The SDK is designed with the goal of offloading all complex operations—ZK proof generation, nullifier management, encryption/decryption of UTXOs—to the offchain side while exposing only a simple API surface to clients. This enables any wallet or application to integrate Privacy Boost’s privacy functionality with minimal modifications.

TEE Indexer

The TEE indexer identifies information such as the sender, recipient, and transfer amount for all transactions occurring within Privacy Boost, and maintains the user’s balance state and transaction history offchain. This serves 2 purposes:
  1. To achieve instant UX by eliminating the need for users to scan all blockchain events each time.
  2. To securely store detailed transaction data (e.g. sender, recipient, token, amount) generated by the prover for regulatory audits and selective disclosure.

TEE Prover

The TEE prover generates a Groth16 proof based on the input provided by the user.
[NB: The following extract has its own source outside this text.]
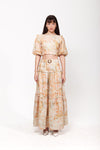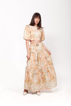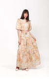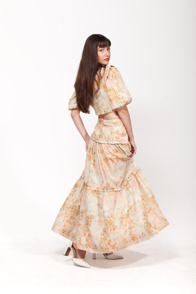 The Azalea Maxi Skirt in the custom Orange Floral Print from the Linen Edit. A 100% linen maxi skirt featuring a flounce hem, an invisible zipper and a removable belt.

The prover performs the following:
  • Verification of user signatures
  • Full ZK proof generation, including Merkle proof verification, balance checks, nullifier calculation, etc.
  • Delivery of transaction data to the indexer
  • Onchain transaction submission on behalf of the user
Thanks to this structure, user devices can enjoy instantaneous transaction experiences without performing any ZK computation.